The diamagnetic systems claimed by Balaban are advantageously endowed with adequately short relaxation rates, but the chemical shifts separation from their NH or OH exchangeable protons signals and the bulk water signal is only within 1-5 ppm. So, the saturation of these mobile protons, avoiding the saturation of the bulk water or protein bound water, could actually present a considerable difficulty. Beside the small Δv values, a further limit of such diamagnetic agents is represented by the high concentration thereof which is usually required to generate a sufficiently large CEST effect, resulting in a high probability of toxic or physiological effect in vivo.
WO 02/43775 discloses paramagnetic metal ion-based macrocyclic CEST contrast agents which comprises a tetraazacyclododecane ligand wherein pendent arms includes amide groups, a paramagnetic metal ion coordinated to the ligand and a water molecule associated with it. Said agents are reported to be useful for producing image contrast based on a magnetization transfer mechanism.
The specification cites the effect of the pH on the residence lifetime at 298 K, τM298, (τM=1/kex) for protons associated with the amides in the pendent arms and the pH dependence of the Magnetization Transfer effect obtained while saturating two magnetically different exchangeable protons associated to the same amide group of one of claimed compounds (FIG. 25 and experiment 13, respectively).
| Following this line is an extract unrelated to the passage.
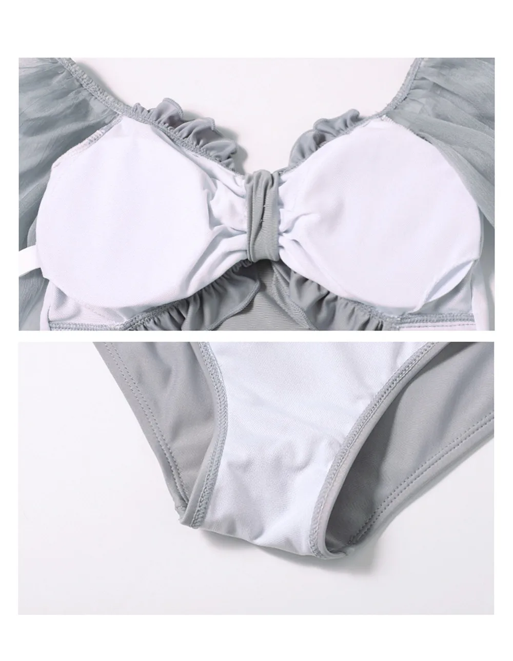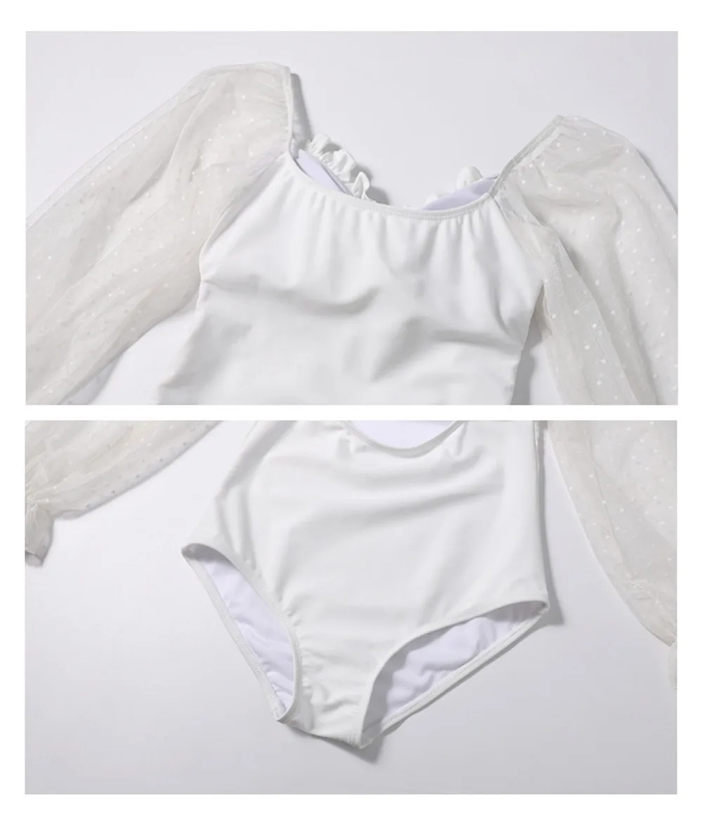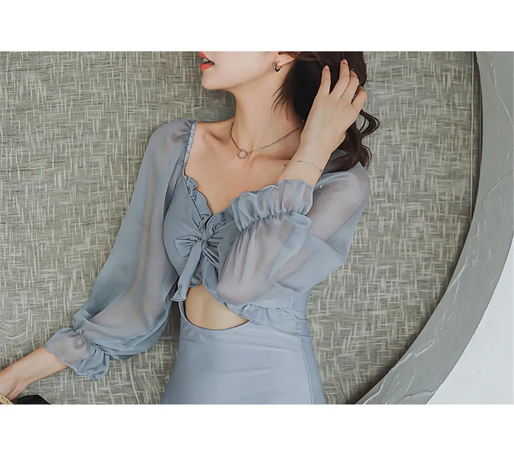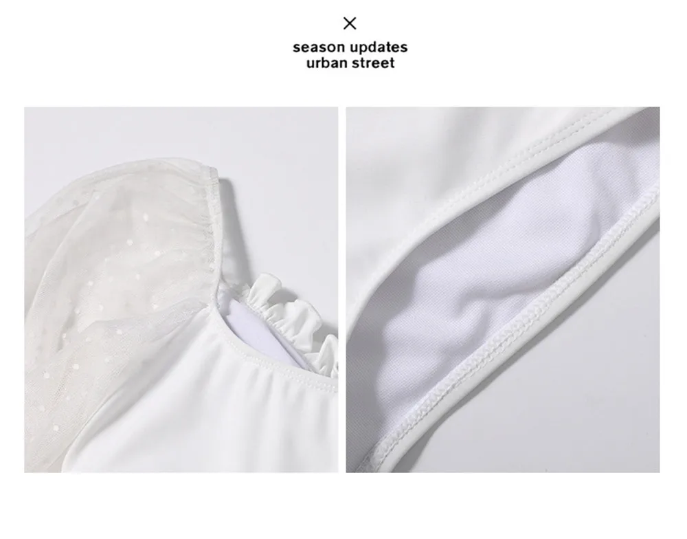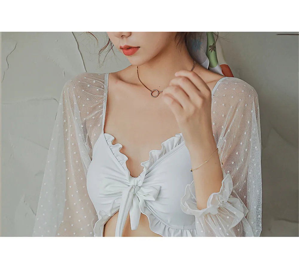 | Long Sleeve One Piece Swimsuit Women Solid Swimwear Ruffle Monokini Lace Swim Suit Ruffle Bathing Suit Pad Push Up Korea Style |

The specification, however, fails to teach or even suggest the applicability of the pH effect on the magnetization transfer to the whole class of claimed agents. Moreover, either the specification or the experiment 13 fail to teach or to suggest the possible use of the claimed compounds in a method of general applicability for the determination of a physical or chemical parameter of diagnostic interest in a human or animal body organ, fluid or tissue; even less in a method wherein said determination is obtained independently on the local contrast agent concentration. At the same time, WO 02/43775 specification fails to teach how said determination may be carried out.